Inhalt: Eine illustre Gesellschaft aus verschiedenen Ländern trifft sich in Plombières auf dem Weg zu den Krönungsfeierlichkeiten für Karl X. im Badehotel der Madame Cortese „Zur goldenen Lilie“. Madame Cortese bedauert, dass sie selbst nicht nach Reims reisen kann, will aber ihr Hotel im besten Licht präsentieren. Die Gräfin Folleville kommt an, muss aber schon bald feststellen, dass ihre Kleider unterwegs verloren gegangen sind. Ohnmachtsanfall! Verschiedene Liebeserklärungen und -verweigerungen zwischen den Gästen und Eifersüchteleien prägen die Stimmung im Gasthof. Da platzt die Nachricht herein, dass für die Reise nach Reims in der ganzen Umgebung keine Pferde aufzutreiben sind. Grosse Konsternation! Madame Cortese hat einen Brief erhalten, in welchem von „Nach“- Krönungsfeierlichkeiten in Paris berichtet wird. Die Gräfin lädt dazu die ganze Gesellschaft in ihre Pariser Residenz ein. Unterdessen vergnügt man sich in der Goldenen Lilie mit einem Bankett, Tänzen und einer Art Song Contest, bei welchem jeder Gast Weisen aus seiner Heimat vorträgt.

Werk:

Rossini konzipierte seine Oper IL VIAGGIO A REIMS OSSIA L'ALBERGO DEL GIGLIO D'ORO für die Festlichkeiten zur Krönung Karls X. als er bereits Leiter des Théâtre Italien in Paris war. Das Werk hat keine eigentliche Handlung, ist eher eine szenische Kantate für vierzehn Sänger. Von diesen verlangt Rossini aber einiges an Virtuosität! Dies ist mit ein Grund, weshalb das Werk eher selten aufgeführt wird und keinen festen Platz im Repertoire hat. Selbst Rossini zog es nach wenigen Aufführungen zurück. Immerhin übernahm er fünf der insgesamt neun Gesangsnummern für seine Opéra Comique LE CONTE ORY. Die Ouvertüre (bei der Uraufführung noch nicht gespielt) setzte er aus Tanzstücken seiner Opera Seria LE SIÈGE DE CORINTHE zusammen. Glanzstück der Oper ist das Gran pezzo concertato für 14 Stimmen am Ende des zweiten Aktes (wenn die Nachricht eintrifft, dass weit und breit keine Pferde für die Reise nach Reims aufzutreiben sind).
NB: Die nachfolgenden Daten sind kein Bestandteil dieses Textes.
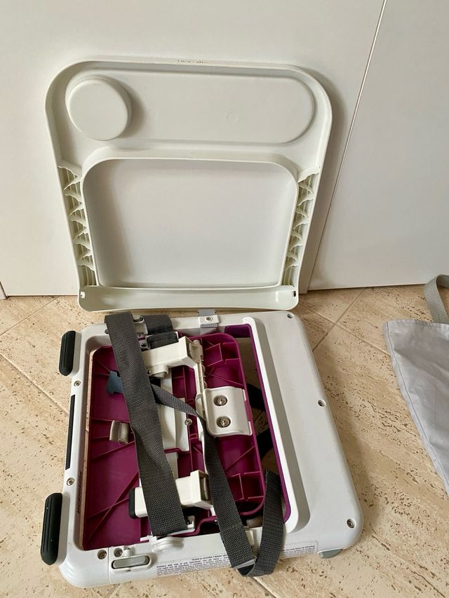 Trona de bebé portátil para llevar a cualquier parte. - Bandeja extraíble. - Arnés de seguridad. - Patas antideslizantes.
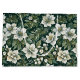 Lovely white azaleas with other small white flowers and snow in a design on hunter green with lighter green evergreens and azalea leaves. Seamless image.
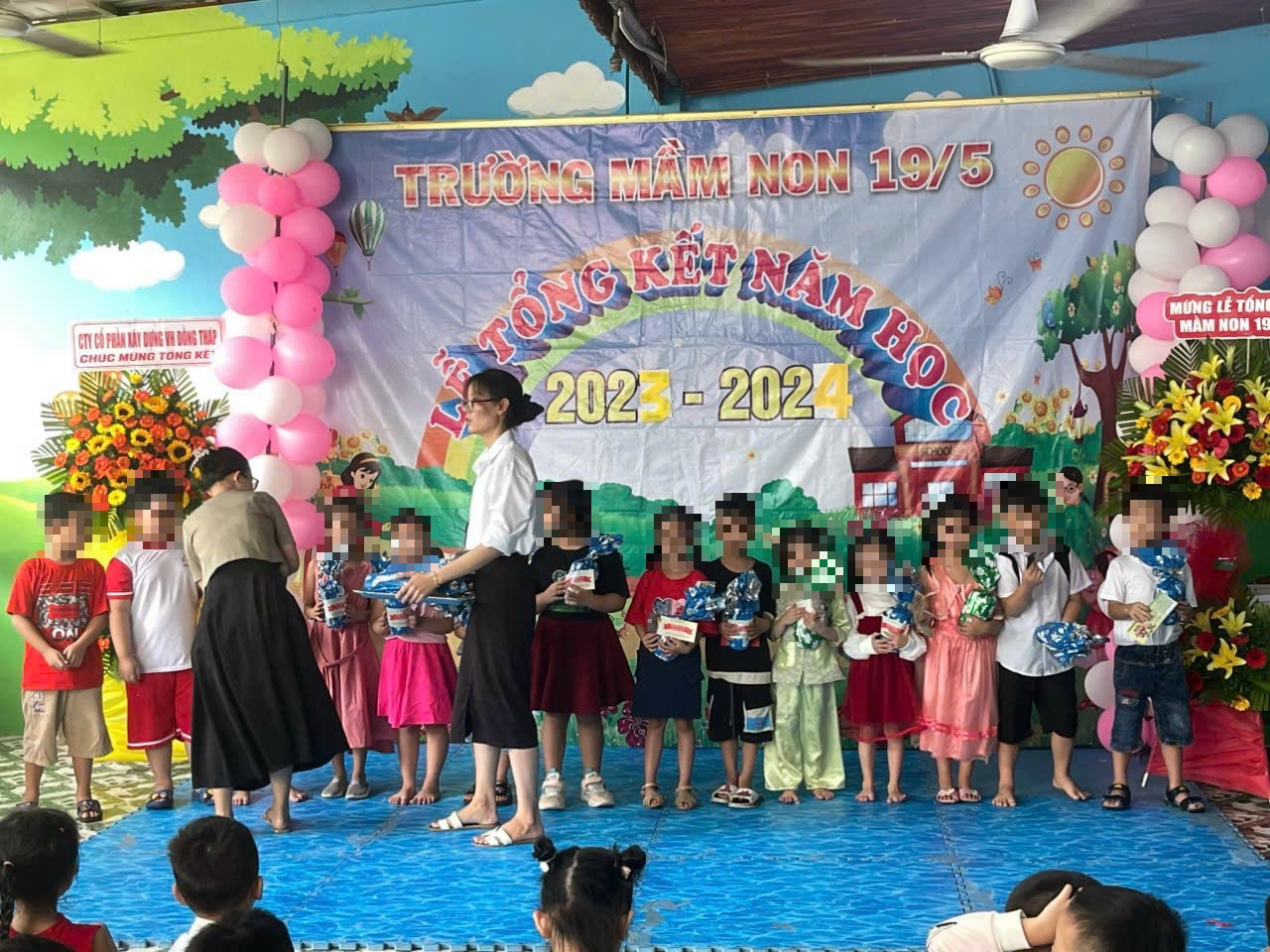 Đồng Tháp, ngày 31 tháng 5 năm 2024 – Sáng nay, tại Mầm Non Tư Thục 19/5 đã diễn ra Lễ Tổng Kết Năm Học 2023-2024 trong không khí trang trọng và đầy hứng khởi. Buổi lễ bắt đầu lúc 7h30 với sự tham gia của đông đảo các bậc phụ huynh, học sinh, cùng các đại biểu và đại diện từ Công Ty TNHH Giáo Dục QME.
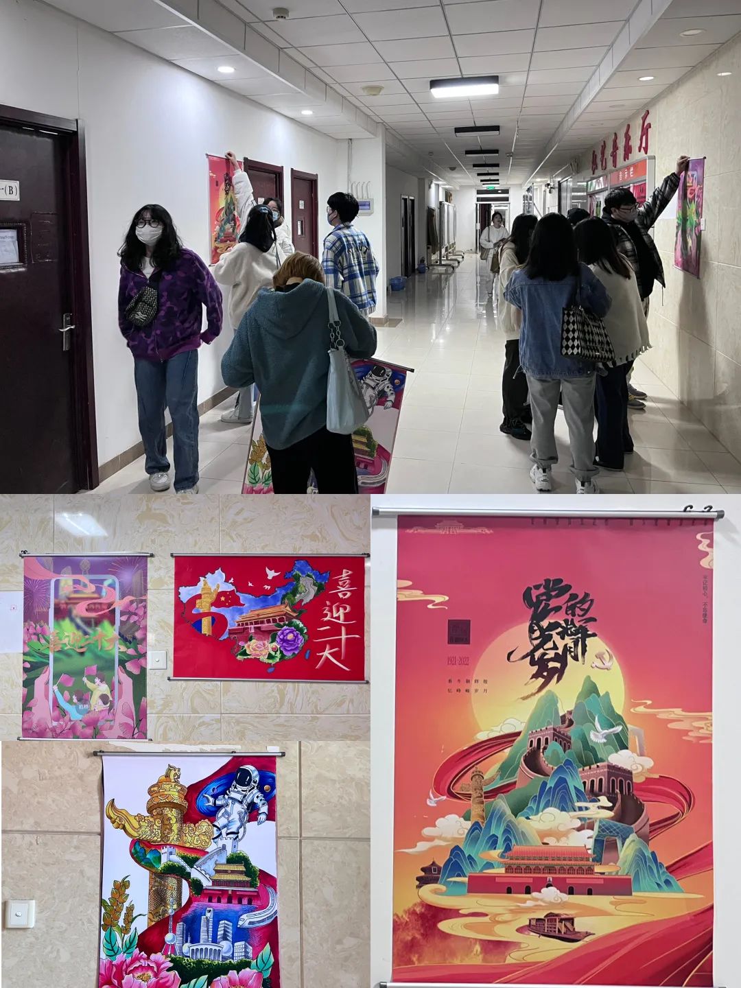 藝術學院學生第一黨支部開展“喜迎二十大,追夢正當時”主題黨日活動,布置藝術學院黨建文化墻,裝裱黨支部成員手繪、板繪、海報等喜迎二十大主題作品
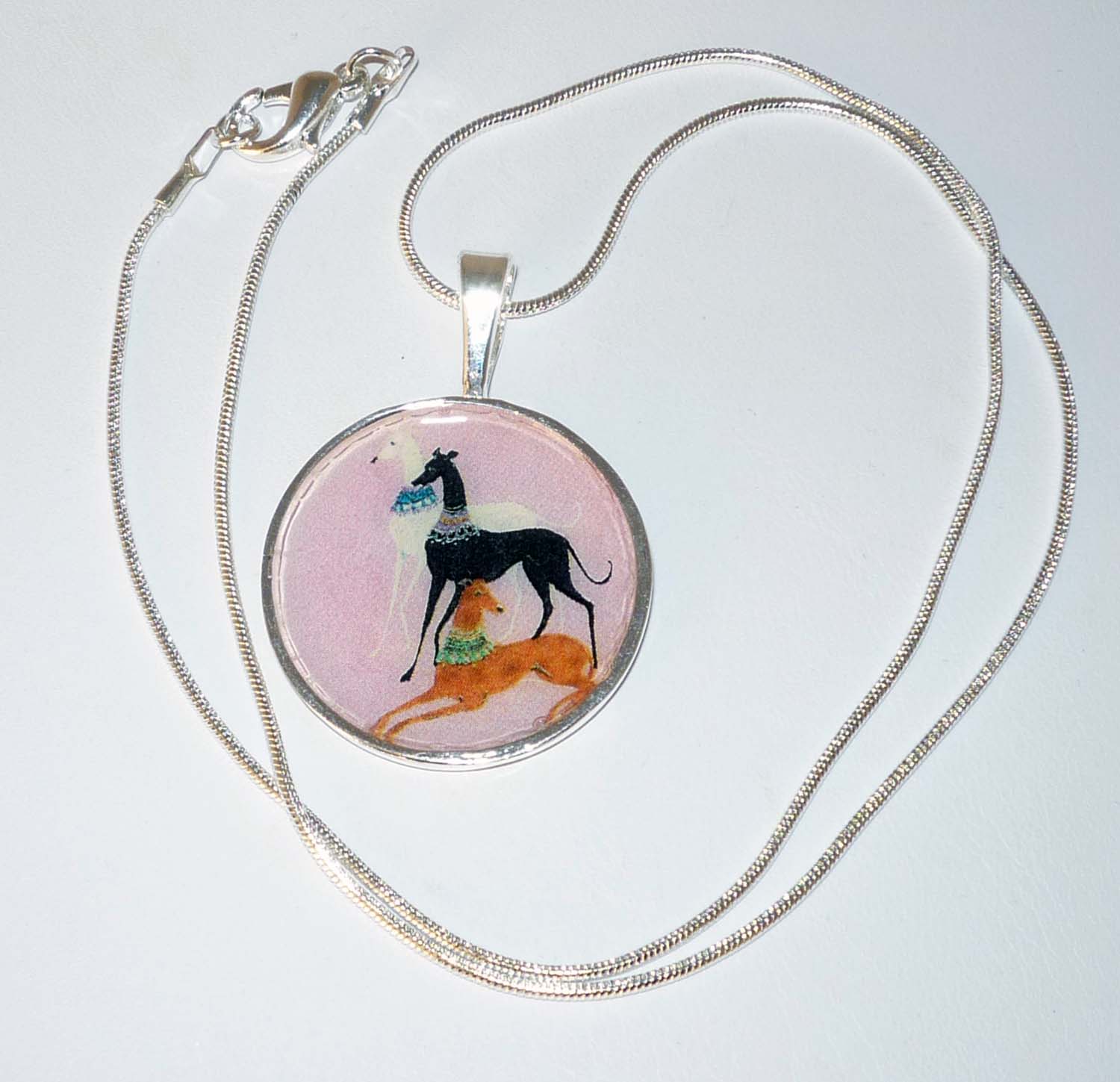 Vintage Art Deco image of 3 Greyhound Dogs or Whippets in a silver plated round setting - the lovely pendant is approximately 1" diameter. The silver plated snake chain necklace is about 16", with lobster clasp. Handcrafted items are each unique, so some variation is possible.
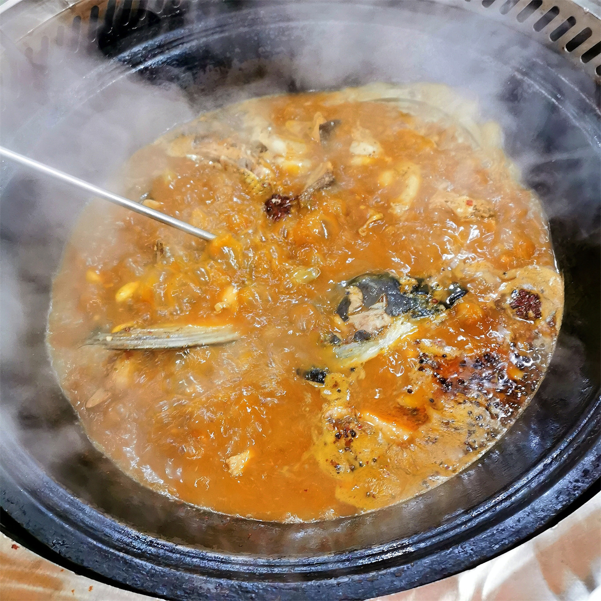 这家店的主打便是铁锅炖鱼。木桌上架着一口巨大的铁锅,处理干净的鲜鱼下锅后,点火“侉炖”。没一会儿,浓郁的鱼香味就漫了出来,炖出的鲜汤更是精华——涮上几片绿叶菜、脆嫩的莲藕、清爽的白菜、软嫩的豆皮,再加上鲜美的平菇,一口下去,鲜爽劲儿直冲天灵盖,那叫一个过瘾。
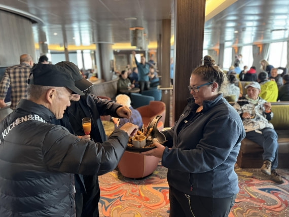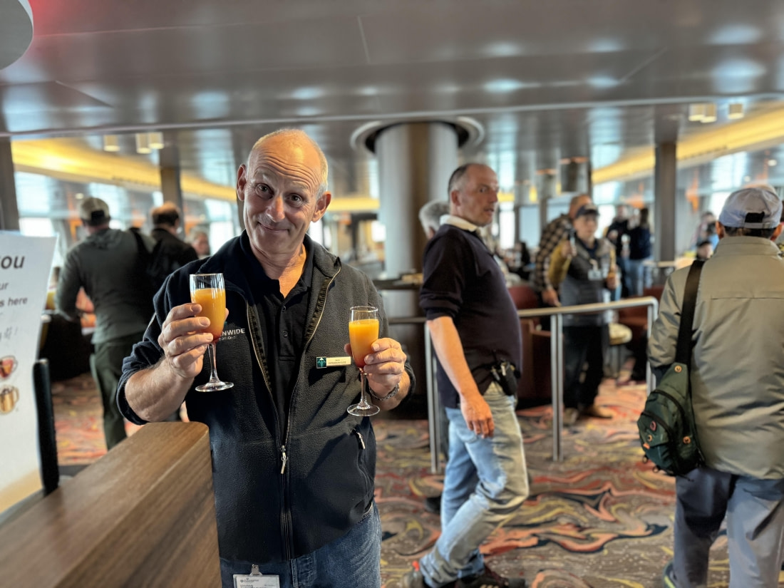 Op de brug zag een groep vroege ochtendverkenners een ijsbeer rondzwerven op de kleine archipel van de Andøyane. De beer plunderde ganzennesten op zoek naar eiwitrijke eieren. Expeditieleider Marcel wekte ons onmiddellijk met het goede nieuws en kapitein Artur stuurde het schip onmiddellijk zodat we een goed zicht hadden vanaf de boeg en de buitendekken, hoewel we beperkt waren tot een vrij ver uitzicht omdat de Andøyane een beschermd vogelgebied is. Een Zodiac werd in het water gedropt met twee gidsen om onze veiligheid te garanderen voor het geval de beer zou besluiten om naar Texas Bar te zwemmen, onze landingsplaats voor de ochtend.
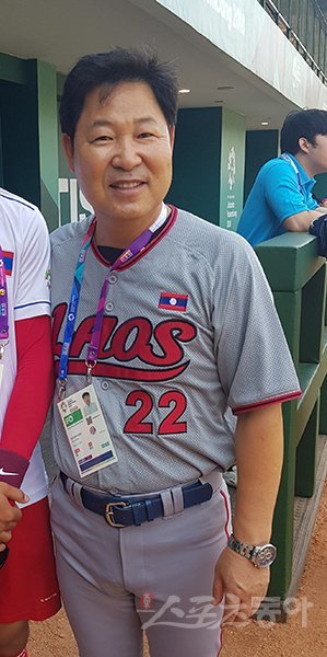 이만수 라오스 야구협회 부회장이 지난 19일 자카르타 GBK 스타디움에서 열린 공식 훈련에 앞서 사진촬영을 하고 있다. 스포츠동아DB
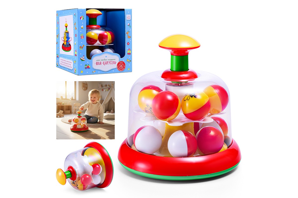 • Юла прочно стоит на поверхности и «не убегает» от малыша, поэтому он может играть с ней даже в одиночестве.
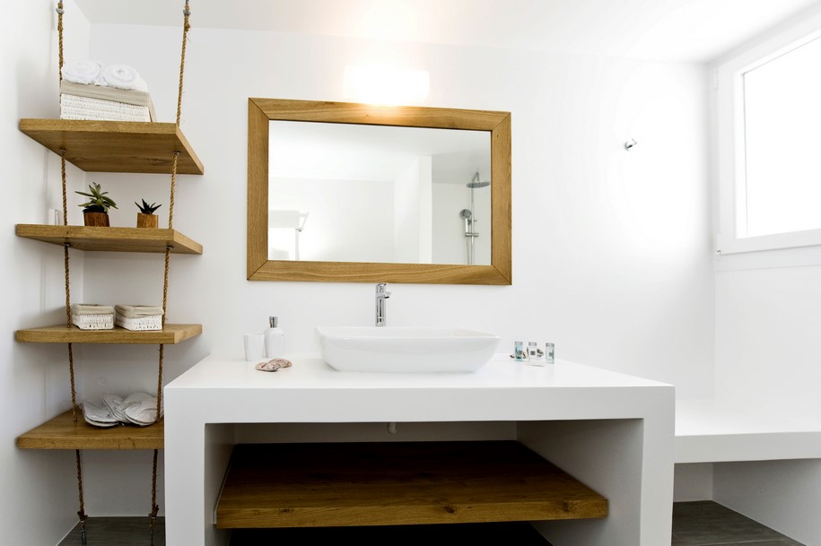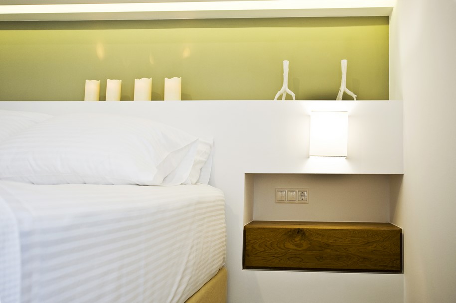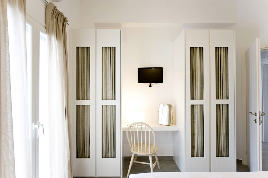 In the bathrooms and bedrooms Ralli applied the Cycladic architecture with its “built” interior features combined with the modern and comfortable contemporary furniture which certainly contribute to the functionality of the spaces.
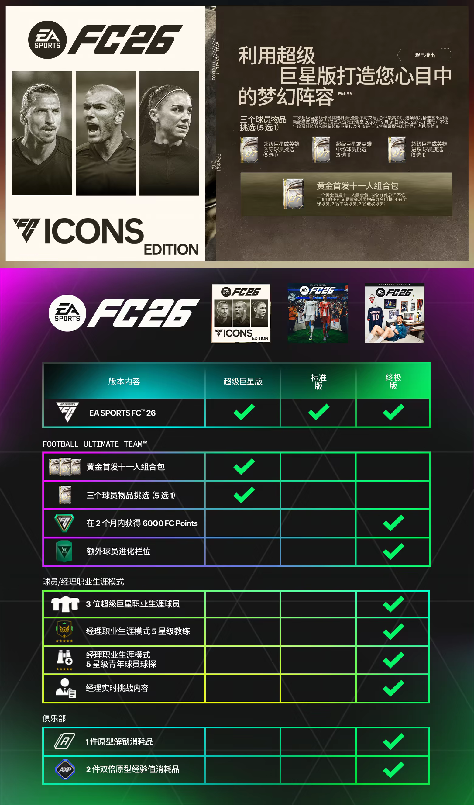 《EA SPORTS FC™ 26》超级巨星版内容包括‡:
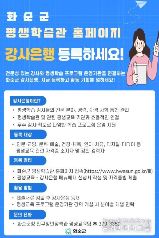 ‘강사은행’ 등록과 관련한 자세한 사항은 화순군청 인구청년정책과 평생교육팀으로 문의하면 된다.
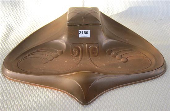 AN EARLY 20TH CENTURY ART NOUVEAU COPPER DESK SET WITH A GLASS INK WELL
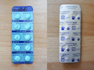 前回出してもらった『ディアバスター』(止瀉薬)と『ビオイムバスター』(整腸剤)に加えて、抗生剤の『アモキクリア』という薬が処方されました。
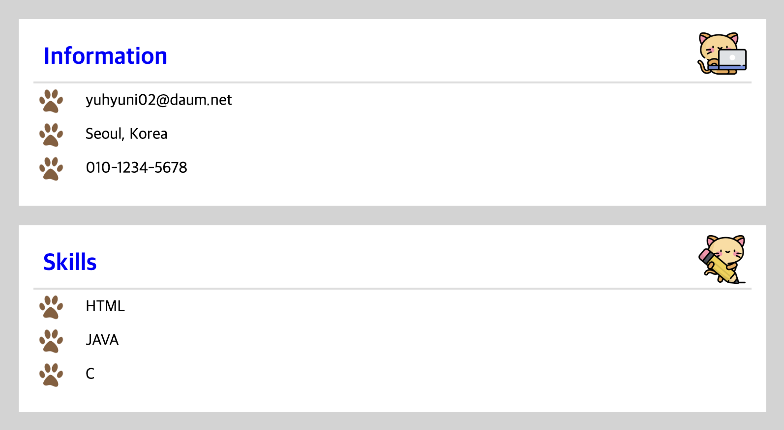 공통으로 적용할 속성을 상위 클래스(section)에 작성하고 클래스 접근연산자(.)을 사용하여 변경할 스타일만 하위 클래스(skill)에 작성
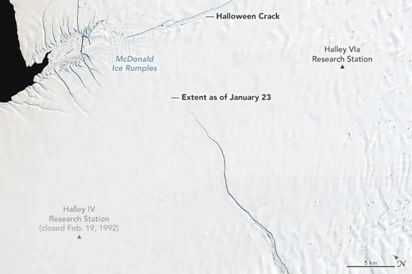 Para llegar a esta conclusión, la agencia espacial comparó imágenes de una misma área obtenidas por los satélites Landsat el 30 de enero de 1986 y el 23 de enero de 2019. En la imagen más reciente se observa cómo una grieta que apareció en octubre de 2016 —la llamada grieta de Halloween— continúa creciendo desde la zona denominada McDonald Ice Rumples y hacia el este.

Nach den wenigen Aufführungen in Paris (mit Giuditta Pasta!) galt das Werk lange Zeit als verschollen. Mitte des letzten Jahrhunderts tauchten jedoch in Rom und Wien Teile des Autographs auf, eine Rekonstruktion der Oper wurde möglich. Claudio Abbado führte die nun wieder hergestellte Oper 1984 beim Rossini-Festival in Pesaro mit einem Star-Ensemble auf und Einspielung auf CD (Chamber Orchestra of Europe, mit Valentini Terrani, Ariaza, Ricciarelli, Ramey, Raimondi, Dara, Nucci, Gasdia, Cuberli). Acht Jahre später spielte er diese Oper nochmals ein, diesmal mit den Berliner Philharmonikern und einigen neuen SängerInnen (McNair, wieder Valentini Terrani, Serra, Studer, Matteuzzi, wieder Ramey, Dara und Raimondi, Frittoli).